Description of the task: Please repeat exactly the lines below from the one containing "В линейке Ripple" down to the one containing "현슬라라고 불리기도 하면서", both included, and nothing else.

━━ Data for review ━━

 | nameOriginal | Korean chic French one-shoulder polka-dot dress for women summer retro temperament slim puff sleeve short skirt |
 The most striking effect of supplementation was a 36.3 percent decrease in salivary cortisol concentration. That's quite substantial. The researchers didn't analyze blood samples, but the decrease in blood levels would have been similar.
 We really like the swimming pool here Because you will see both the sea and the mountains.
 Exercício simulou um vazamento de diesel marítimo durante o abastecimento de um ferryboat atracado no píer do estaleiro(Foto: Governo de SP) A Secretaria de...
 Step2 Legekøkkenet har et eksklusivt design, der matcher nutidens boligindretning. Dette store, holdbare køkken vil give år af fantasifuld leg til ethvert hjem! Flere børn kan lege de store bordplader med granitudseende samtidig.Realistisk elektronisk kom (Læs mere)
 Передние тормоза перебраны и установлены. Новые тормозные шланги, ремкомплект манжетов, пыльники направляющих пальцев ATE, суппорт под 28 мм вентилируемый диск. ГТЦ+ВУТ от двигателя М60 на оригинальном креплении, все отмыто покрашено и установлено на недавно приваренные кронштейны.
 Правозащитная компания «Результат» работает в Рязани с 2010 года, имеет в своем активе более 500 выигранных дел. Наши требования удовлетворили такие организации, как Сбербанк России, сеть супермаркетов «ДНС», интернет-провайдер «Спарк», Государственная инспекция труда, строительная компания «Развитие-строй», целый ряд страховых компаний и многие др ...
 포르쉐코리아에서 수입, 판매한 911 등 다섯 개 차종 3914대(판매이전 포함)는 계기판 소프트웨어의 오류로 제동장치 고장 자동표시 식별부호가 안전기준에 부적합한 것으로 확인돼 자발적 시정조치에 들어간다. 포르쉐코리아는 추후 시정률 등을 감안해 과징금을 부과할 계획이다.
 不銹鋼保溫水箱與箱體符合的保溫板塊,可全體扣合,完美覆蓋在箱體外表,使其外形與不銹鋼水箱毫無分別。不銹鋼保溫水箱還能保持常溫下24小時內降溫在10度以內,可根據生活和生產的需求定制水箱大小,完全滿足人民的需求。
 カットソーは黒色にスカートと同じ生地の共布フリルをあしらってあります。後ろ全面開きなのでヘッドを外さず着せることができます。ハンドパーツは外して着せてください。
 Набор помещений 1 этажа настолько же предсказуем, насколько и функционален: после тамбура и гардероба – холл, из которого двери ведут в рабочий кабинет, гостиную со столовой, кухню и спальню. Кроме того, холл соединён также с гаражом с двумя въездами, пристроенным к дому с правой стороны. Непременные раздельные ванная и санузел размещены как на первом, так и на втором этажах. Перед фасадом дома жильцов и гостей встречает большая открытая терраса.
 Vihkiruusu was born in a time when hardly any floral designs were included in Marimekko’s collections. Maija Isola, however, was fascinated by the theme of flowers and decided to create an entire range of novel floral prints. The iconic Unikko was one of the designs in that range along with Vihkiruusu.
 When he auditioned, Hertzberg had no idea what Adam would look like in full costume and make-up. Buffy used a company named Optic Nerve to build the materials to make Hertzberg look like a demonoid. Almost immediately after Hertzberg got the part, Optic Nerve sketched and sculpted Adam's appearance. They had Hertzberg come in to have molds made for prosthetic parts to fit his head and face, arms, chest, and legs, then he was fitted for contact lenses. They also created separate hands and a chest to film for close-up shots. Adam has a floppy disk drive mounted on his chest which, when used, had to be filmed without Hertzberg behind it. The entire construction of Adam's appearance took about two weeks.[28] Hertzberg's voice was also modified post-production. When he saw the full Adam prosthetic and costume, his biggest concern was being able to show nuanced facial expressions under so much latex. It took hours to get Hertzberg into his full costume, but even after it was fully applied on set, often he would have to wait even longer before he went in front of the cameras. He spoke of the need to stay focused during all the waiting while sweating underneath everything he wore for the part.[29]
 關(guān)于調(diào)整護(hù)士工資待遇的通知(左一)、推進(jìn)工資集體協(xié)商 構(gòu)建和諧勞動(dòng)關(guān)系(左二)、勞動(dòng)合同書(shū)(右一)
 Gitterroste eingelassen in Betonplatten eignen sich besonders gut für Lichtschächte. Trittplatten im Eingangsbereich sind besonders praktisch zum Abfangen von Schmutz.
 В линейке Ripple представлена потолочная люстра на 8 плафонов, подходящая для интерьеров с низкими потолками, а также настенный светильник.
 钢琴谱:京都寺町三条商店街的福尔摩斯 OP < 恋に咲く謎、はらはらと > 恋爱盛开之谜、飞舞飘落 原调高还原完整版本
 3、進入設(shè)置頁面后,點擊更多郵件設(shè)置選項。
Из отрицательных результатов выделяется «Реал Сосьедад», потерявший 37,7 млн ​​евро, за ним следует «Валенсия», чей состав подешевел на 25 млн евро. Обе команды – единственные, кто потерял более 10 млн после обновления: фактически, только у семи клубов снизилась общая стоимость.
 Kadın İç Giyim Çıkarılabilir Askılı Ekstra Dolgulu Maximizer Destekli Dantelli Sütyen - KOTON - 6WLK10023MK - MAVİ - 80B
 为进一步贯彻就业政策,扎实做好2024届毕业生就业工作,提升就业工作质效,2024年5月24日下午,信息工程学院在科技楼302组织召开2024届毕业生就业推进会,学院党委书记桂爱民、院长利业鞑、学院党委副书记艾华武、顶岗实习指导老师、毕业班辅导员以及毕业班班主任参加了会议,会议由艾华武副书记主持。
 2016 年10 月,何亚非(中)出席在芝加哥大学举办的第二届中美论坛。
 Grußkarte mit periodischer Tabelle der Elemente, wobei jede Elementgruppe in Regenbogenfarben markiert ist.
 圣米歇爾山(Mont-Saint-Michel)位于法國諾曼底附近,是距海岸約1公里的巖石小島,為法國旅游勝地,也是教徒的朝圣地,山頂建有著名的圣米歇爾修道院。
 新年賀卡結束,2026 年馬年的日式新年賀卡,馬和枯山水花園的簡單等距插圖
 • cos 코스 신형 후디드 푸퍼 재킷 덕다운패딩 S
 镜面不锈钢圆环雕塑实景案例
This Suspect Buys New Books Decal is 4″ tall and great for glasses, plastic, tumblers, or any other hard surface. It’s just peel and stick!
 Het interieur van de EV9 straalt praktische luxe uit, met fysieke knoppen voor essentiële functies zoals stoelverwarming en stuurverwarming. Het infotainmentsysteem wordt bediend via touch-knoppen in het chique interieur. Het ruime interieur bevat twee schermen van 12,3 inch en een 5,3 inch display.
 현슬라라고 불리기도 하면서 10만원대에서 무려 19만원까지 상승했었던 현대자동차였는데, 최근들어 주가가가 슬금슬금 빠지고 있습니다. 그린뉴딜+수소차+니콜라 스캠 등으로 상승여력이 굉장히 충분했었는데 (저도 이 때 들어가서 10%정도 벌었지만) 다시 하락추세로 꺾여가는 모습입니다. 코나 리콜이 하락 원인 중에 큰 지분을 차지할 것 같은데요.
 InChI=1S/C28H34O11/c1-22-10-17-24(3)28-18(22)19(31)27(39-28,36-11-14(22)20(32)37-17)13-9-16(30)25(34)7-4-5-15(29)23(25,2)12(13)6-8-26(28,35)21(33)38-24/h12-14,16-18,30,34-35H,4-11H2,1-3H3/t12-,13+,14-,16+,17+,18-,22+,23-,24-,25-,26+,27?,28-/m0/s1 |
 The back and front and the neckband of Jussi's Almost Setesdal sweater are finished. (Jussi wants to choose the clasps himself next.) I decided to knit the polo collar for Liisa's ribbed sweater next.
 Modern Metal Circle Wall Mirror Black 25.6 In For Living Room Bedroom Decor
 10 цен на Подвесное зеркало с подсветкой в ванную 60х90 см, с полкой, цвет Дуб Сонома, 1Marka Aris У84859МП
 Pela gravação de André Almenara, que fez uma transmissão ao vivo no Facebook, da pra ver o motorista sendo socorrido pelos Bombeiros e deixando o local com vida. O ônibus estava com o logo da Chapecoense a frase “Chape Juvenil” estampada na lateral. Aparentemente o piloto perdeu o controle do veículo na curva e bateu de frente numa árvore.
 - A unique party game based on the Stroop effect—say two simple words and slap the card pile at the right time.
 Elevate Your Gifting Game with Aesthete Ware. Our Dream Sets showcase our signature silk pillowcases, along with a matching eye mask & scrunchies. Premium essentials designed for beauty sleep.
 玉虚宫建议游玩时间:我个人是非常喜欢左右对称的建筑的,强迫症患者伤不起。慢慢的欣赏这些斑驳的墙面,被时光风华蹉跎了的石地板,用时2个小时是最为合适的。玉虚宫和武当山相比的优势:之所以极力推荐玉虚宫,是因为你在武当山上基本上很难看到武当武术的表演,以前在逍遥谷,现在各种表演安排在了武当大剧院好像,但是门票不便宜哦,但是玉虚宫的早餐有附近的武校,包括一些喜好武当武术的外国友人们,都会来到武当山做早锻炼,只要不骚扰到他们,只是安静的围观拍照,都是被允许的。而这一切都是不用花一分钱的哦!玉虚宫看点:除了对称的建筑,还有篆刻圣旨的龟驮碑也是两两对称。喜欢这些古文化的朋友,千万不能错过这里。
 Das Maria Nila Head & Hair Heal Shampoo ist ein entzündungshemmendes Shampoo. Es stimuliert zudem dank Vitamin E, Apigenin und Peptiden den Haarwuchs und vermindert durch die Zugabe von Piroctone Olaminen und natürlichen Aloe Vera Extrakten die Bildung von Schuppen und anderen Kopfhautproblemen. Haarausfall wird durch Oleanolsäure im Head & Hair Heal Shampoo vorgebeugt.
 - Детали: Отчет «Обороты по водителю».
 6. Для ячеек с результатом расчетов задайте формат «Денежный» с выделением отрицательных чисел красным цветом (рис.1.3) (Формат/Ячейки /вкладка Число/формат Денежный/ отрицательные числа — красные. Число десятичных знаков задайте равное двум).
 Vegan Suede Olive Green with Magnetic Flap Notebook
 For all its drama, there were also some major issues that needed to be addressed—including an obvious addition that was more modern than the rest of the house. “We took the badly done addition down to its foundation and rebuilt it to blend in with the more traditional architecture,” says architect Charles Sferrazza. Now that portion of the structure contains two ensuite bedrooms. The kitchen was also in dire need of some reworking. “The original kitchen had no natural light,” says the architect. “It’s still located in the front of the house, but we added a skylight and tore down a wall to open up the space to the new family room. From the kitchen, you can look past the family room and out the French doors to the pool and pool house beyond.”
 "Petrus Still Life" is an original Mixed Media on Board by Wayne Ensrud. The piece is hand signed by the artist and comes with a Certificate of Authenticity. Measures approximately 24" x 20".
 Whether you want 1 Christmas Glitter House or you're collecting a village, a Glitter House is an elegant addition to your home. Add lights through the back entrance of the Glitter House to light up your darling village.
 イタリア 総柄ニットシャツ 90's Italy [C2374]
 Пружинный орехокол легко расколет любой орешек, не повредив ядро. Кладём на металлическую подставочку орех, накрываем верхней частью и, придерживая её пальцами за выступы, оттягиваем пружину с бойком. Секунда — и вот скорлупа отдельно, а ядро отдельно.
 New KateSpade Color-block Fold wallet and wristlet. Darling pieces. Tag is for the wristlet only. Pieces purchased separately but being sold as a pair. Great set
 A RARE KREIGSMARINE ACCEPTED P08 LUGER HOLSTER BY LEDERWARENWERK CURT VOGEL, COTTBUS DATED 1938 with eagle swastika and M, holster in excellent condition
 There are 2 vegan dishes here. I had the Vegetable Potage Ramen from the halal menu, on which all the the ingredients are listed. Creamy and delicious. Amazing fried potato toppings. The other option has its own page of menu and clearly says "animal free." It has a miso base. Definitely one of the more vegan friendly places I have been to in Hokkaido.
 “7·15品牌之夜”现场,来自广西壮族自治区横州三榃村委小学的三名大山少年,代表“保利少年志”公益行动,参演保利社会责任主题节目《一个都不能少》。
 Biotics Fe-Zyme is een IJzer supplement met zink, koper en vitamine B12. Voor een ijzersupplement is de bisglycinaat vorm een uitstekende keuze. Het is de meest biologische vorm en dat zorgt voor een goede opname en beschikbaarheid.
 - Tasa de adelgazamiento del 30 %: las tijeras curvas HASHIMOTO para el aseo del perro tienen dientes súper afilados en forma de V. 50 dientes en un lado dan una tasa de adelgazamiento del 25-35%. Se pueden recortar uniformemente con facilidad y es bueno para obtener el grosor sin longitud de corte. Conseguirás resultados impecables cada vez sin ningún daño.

━━━

Expected output:
 В линейке Ripple представлена потолочная люстра на 8 плафонов, подходящая для интерьеров с низкими потолками, а также настенный светильник.
 钢琴谱:京都寺町三条商店街的福尔摩斯 OP < 恋に咲く謎、はらはらと > 恋爱盛开之谜、飞舞飘落 原调高还原完整版本
 3、進入設(shè)置頁面后,點擊更多郵件設(shè)置選項。
Из отрицательных результатов выделяется «Реал Сосьедад», потерявший 37,7 млн ​​евро, за ним следует «Валенсия», чей состав подешевел на 25 млн евро. Обе команды – единственные, кто потерял более 10 млн после обновления: фактически, только у семи клубов снизилась общая стоимость.
 Kadın İç Giyim Çıkarılabilir Askılı Ekstra Dolgulu Maximizer Destekli Dantelli Sütyen - KOTON - 6WLK10023MK - MAVİ - 80B
 为进一步贯彻就业政策,扎实做好2024届毕业生就业工作,提升就业工作质效,2024年5月24日下午,信息工程学院在科技楼302组织召开2024届毕业生就业推进会,学院党委书记桂爱民、院长利业鞑、学院党委副书记艾华武、顶岗实习指导老师、毕业班辅导员以及毕业班班主任参加了会议,会议由艾华武副书记主持。
 2016 年10 月,何亚非(中)出席在芝加哥大学举办的第二届中美论坛。
 Grußkarte mit periodischer Tabelle der Elemente, wobei jede Elementgruppe in Regenbogenfarben markiert ist.
 圣米歇爾山(Mont-Saint-Michel)位于法國諾曼底附近,是距海岸約1公里的巖石小島,為法國旅游勝地,也是教徒的朝圣地,山頂建有著名的圣米歇爾修道院。
 新年賀卡結束,2026 年馬年的日式新年賀卡,馬和枯山水花園的簡單等距插圖
 • cos 코스 신형 후디드 푸퍼 재킷 덕다운패딩 S
 镜面不锈钢圆环雕塑实景案例
This Suspect Buys New Books Decal is 4″ tall and great for glasses, plastic, tumblers, or any other hard surface. It’s just peel and stick!
 Het interieur van de EV9 straalt praktische luxe uit, met fysieke knoppen voor essentiële functies zoals stoelverwarming en stuurverwarming. Het infotainmentsysteem wordt bediend via touch-knoppen in het chique interieur. Het ruime interieur bevat twee schermen van 12,3 inch en een 5,3 inch display.
 현슬라라고 불리기도 하면서 10만원대에서 무려 19만원까지 상승했었던 현대자동차였는데, 최근들어 주가가가 슬금슬금 빠지고 있습니다. 그린뉴딜+수소차+니콜라 스캠 등으로 상승여력이 굉장히 충분했었는데 (저도 이 때 들어가서 10%정도 벌었지만) 다시 하락추세로 꺾여가는 모습입니다. 코나 리콜이 하락 원인 중에 큰 지분을 차지할 것 같은데요.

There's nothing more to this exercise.